▸ **WHAT YOU SHOULD DO**: In the records below, the part to copy starts at the line containing "Le Grand Huit" and goes to the last line; output it exactly, without pictures.

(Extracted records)
-.-.-

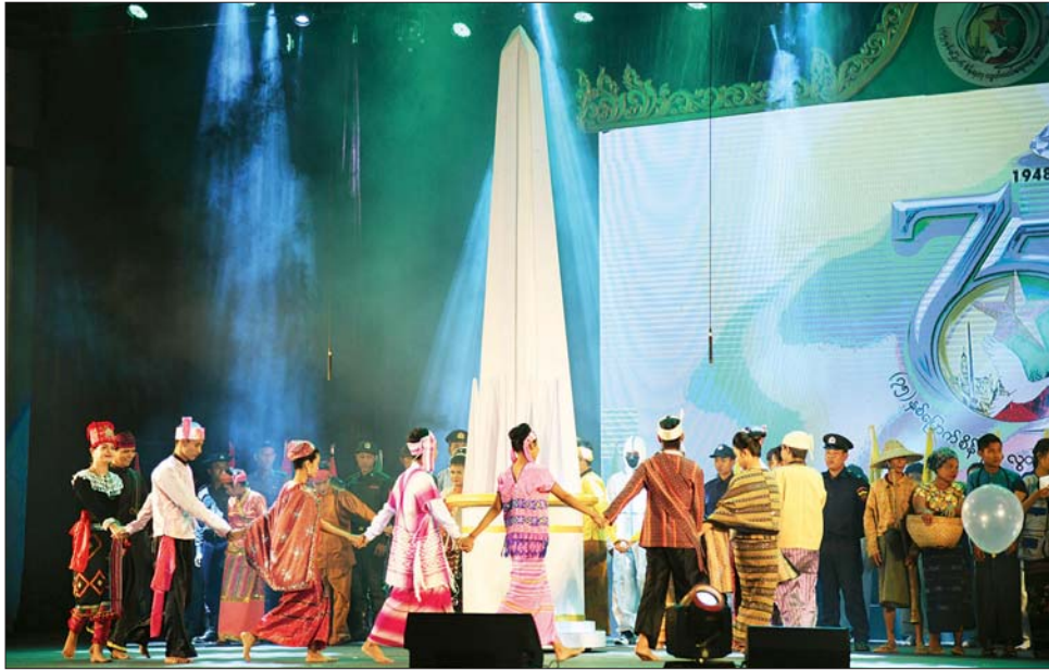
ပဒေသာကပွဲတွင် အနုပညာရှင်များ ဖျော်ဖြေတင်ဆက်နေမှုကို တွေ့ရစဉ်။
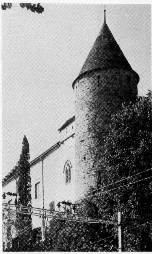
A Vaud castle that faces the 'invaders' — Page 7
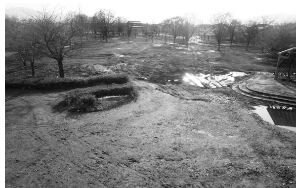
災害ごみ搬出後(赤沼公園)

市民、ボランティアの皆さん、自衛隊、行政などすべての人の力を結集し、被災者のために一丸となって台風19号で発生した災害ごみ等の撤去を行うプロジェクトです。 「ONE NAGANO(ワン・ナガノ)」は、市民、ボランティア、行政などの力を結集し、長沼・豊野地区内に点在する臨時集積所から赤沼公園へ災害ごみを移動し、自衛隊が地区外に搬出しました。自衛隊の活動終了後は、市の委託事業者が搬出しました。 このほかにも国、長野県等を通じた支援要請により、民間事業者、県外からの広域支援、県内市町村のご協力をいただき、災害ごみが搬出されました。
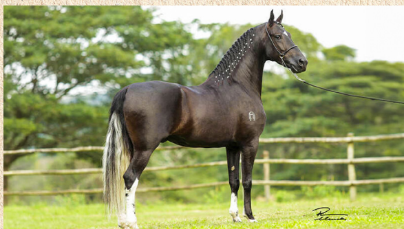
IDOLO NEGRO TOULON - PAI
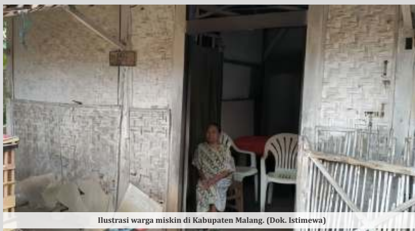
Ilustrasi warga miskin di Kabupaten Malang. (Dok. Istimewa)

Pantja menyebutkan, jenis-jenis PPKS yang menjadi prioritas pelayanan meliputi anak terlantar, anak yang berhadapan dengan hukum, anak jalanan, anak dengan disabilitas, anak yang menjadi korban kekerasan, dan anak yang memerlukan perlindungan khusus.
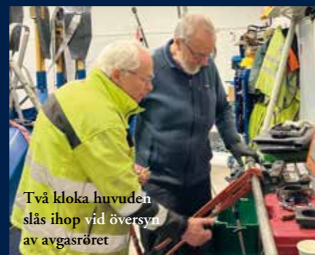
Två kloka huvuden slås ihop vid översyn av avgasröret
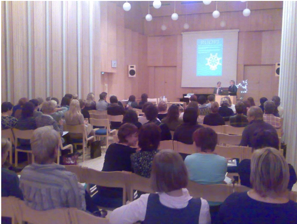
Puolimatkan seminaari keräsi salin täyteen ihmisiä keskustelemaan ja kuulemaan varhaiskasvatuksesta.

Ruori kokosi alueen varhaiskasvattajia kahteen foorumiin vuonna 2007. Toinen foorumeista käsitteli hiljaisen tiedon ideologiaa ja toinen pureutui työhyvinvoinnin kysymyksiin. Lisäksi Ruori koulutti tiimien johtajia ja -jäseniä sekä osallistui alueen koulutusorganisaatioiden varhaiskasvattajille suunnattujen koulutusten suunnitteluun. Myös muuta verkostotyötä jatkettiin mm. muiden varhaiskasvatuksen kehittämissuhteiden kanssa. Ruorin väliraportti "Matkalla Kaakkois-Suomessa - varhaiskasvatuksen kehittämissuhteet Ruorin alkutaival" julkaistiin marraskuun lopussa (saatavilla osoitteesta www.socom.fi → kehittämisaalueet → varhaiskasvatuksen kehittämissuhteet → Tietopankki → Raportteja ). Kaakkois-Suomen varhaiskasvatuksen kehittämissuhteet Ruorin vuosi huipentui hankkeen Puolimatkan seminaariin 28.11., jossa esiteltiin laajasti tehtyä kehittämissuhteita, julkaistiin väliraportti sekä Ruori-juliste.
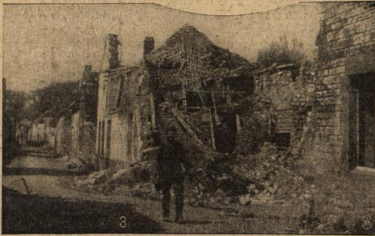
Am Fuß der vielgenannten Lorettohöhen.

Der Krieg im ganzen nimmt eine Er- die, solange es ung gibt, noch ist, so hat nisse mit sich in den Zeit- Welt noch nicht Dazu gehört lange Stellungen- nere Truppen gen die verbün- gen und Eng- den ihren Befolg- er und farbiger gen haben. Und den breiten Front de wieder die die Lorettohöhe, wie ein Ende llen. Immer uns in den amt- den die Lorettohöhe genannt, es unser erstes Bild aufge- den ist. Aus dem heißen die umwogte, schnitt der be- ststeller Bernhard Kellermann nungsvolle Szene heraus: höhe stand die oft genannte Notre Dame de Lorette. ein Haufen Trümmer. Hier er Quadratmeter Boden seine lt, seine Toten, sein Entsetzen. zerfetzt von Granaten. Hier der Weg und jede Besonder-
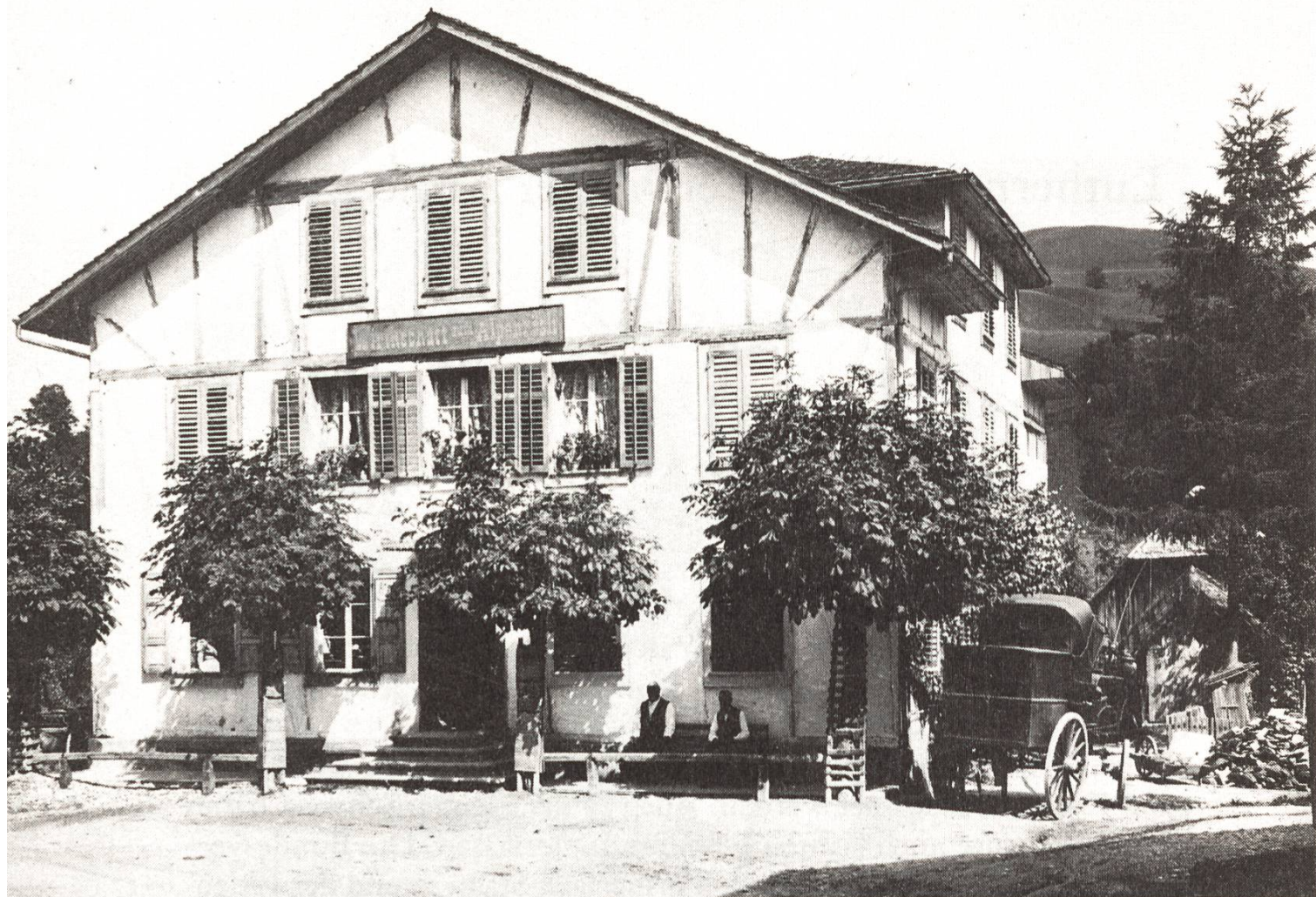
1 Restaurant Alpenrösli im Unterdorf (heute Haus «Fischer») um 1900.
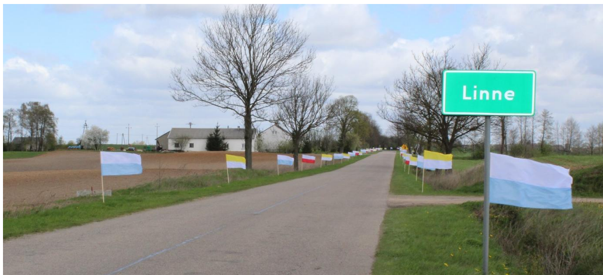
Przystrojona flagami droga w Linnem.

W dniach od 17 do 27 kwietnia 2016 roku na Dekanat Rypin odwiedziła kopia obrazu Matki Boskiej Częstochowskiej. To wyjątkowe święto także dla mieszkańców gminy Rypin. Terminy nawiedzenia obrazu w poszczególnych parafiach obejmujących teren gminy Rypin były następujące: 17.04.2016 r. – parafia Świętej Trójcy w Rypinie, 21.04.2016 r. – parafia Sadłowo, 23.04.2016 r. – parafia Świętego Stanisława Kostki w Rypinie, 27.04.2016 r. – parafia Żale. W czasie peregrynacji obrazu wierni niezwykle tłumnie odwiedzali swoje świątynie. Nic dziwnego, albowiem ostatnio takie uroczystości na terenie Diecezji Płockiej miały miejsce 40. lat temu.
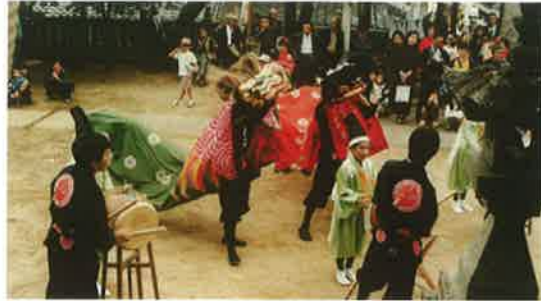
三好市池田町三所神社の川崎獅子太鼓

これまで「あわ文化」について学んできたことに基づいて、なぜ「あわ文化」が長く継承されてきたのか、理由を説明しよう。また、どうすれば「あわ文化」を未来に向けて継承できるか、具体的な方法を提案しよう。
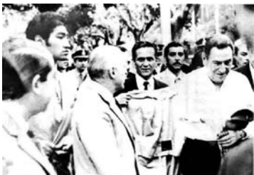
Regreso de Perón en 1972
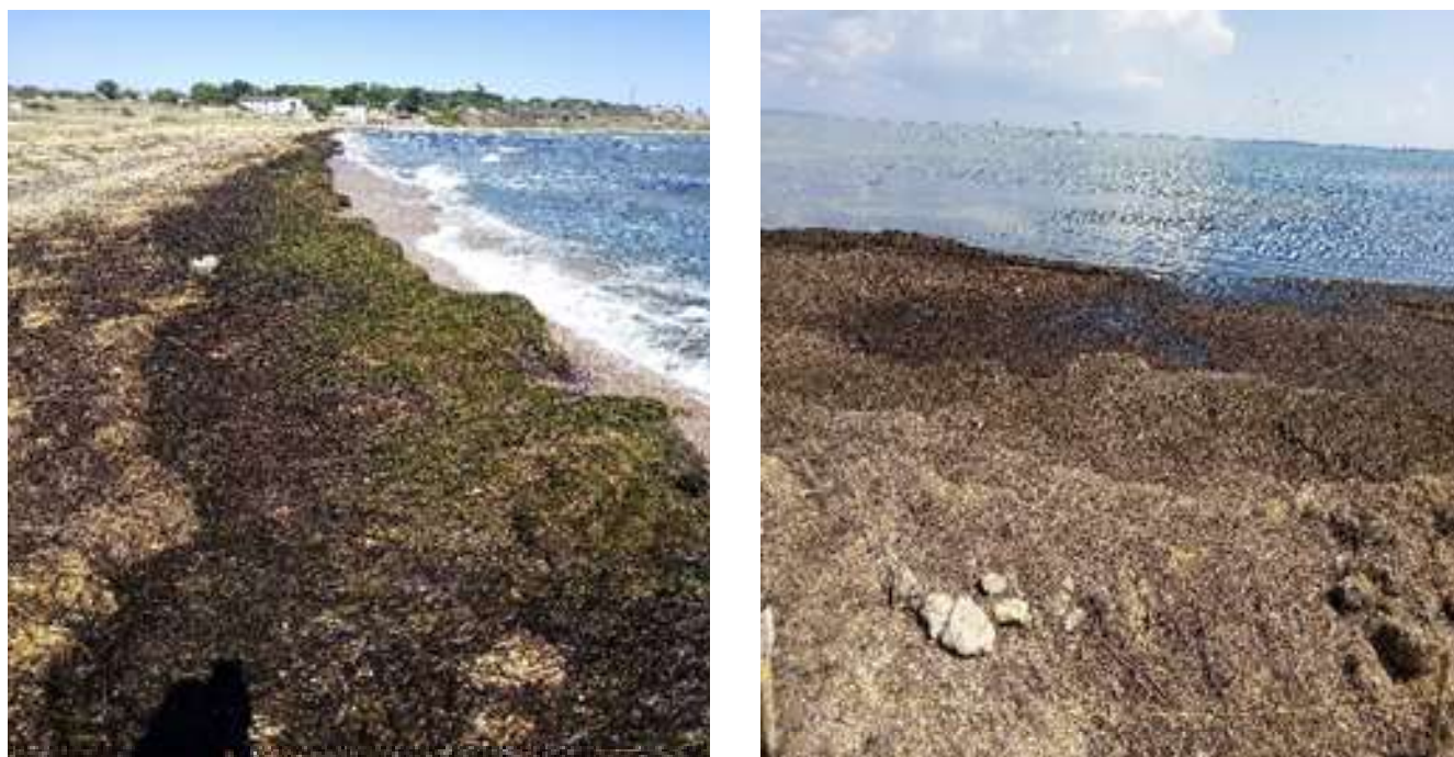
Рис. 1. Штормовые выбросы zostеры
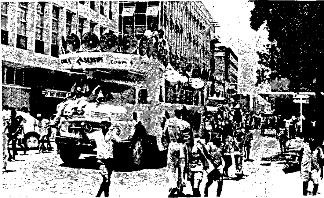
O Trio Elétrico da BOMFIM foi a atração maior do Carnaval

Os tradicionais desfiles de Escolas de Samba ocorreram domingo passado na Praça Fausto Cardoso. A pobreza das fantasias somente contrastou com a alegria contagiante dos participantes das escolas. Muita garra, disposição, o ritmo quente do samba e do frevo contagiou a todos os que presenciaram os desfiles. Seis escolas desfilaram alcançando classificação Acadêmicos do Samba, Batuqueiros do Morro, Império Serrano, e ainda Império do Morro. O ponto alto do carnaval, sem sombra de dúvidas, foi o Trio Elétrico da BOMFIM que durante os quatro dias, percorreu as ruas de nossa capital e ainda teve tempo de visitar as principais cidades do interior. A animação maior foi nos clubes com orquestras se revezando não permitindo intervalos entre as músicas. O samba, o frevo, tudo ficou para trás, restando agora a lembrança dos bons momentos. (Matérias nas páginas 7 e 8.).
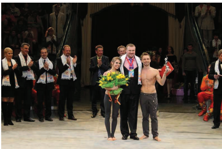
Duo Paradise, acrobazia
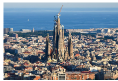
España: Gaudí y sus obras maestras del modernismo catalán
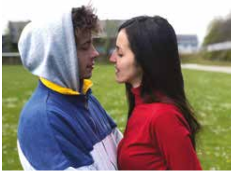
Roméo et Juliette

Le Grand Huit est donc ce nouveau lieu qui va célébrer les manèges anciens sur le site de l'ancien technicentre SNCF. Ouvert en avant-première tout juillet, Les Tombées y présentent I'm from la nuit (en collaboration avec I'm from Rennes ). Une chouette programmation qui devrait cartonner du 6 au 9 juillet. Un lieu pour la fête assurément.
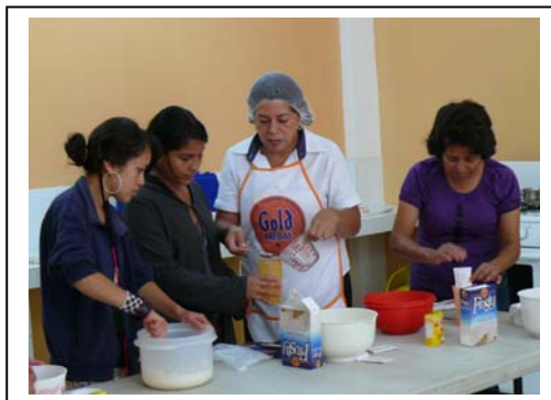
Capacitación a mujeres de parte de la Municipalidad de Santa Catarina Pinula
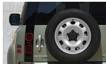
20" (wzór 9013) Gloss White 5

-.-.-

▸ **RESPONSE**:
Le Grand Huit est donc ce nouveau lieu qui va célébrer les manèges anciens sur le site de l'ancien technicentre SNCF. Ouvert en avant-première tout juillet, Les Tombées y présentent I'm from la nuit (en collaboration avec I'm from Rennes ). Une chouette programmation qui devrait cartonner du 6 au 9 juillet. Un lieu pour la fête assurément.
Capacitación a mujeres de parte de la Municipalidad de Santa Catarina Pinula
20" (wzór 9013) Gloss White 5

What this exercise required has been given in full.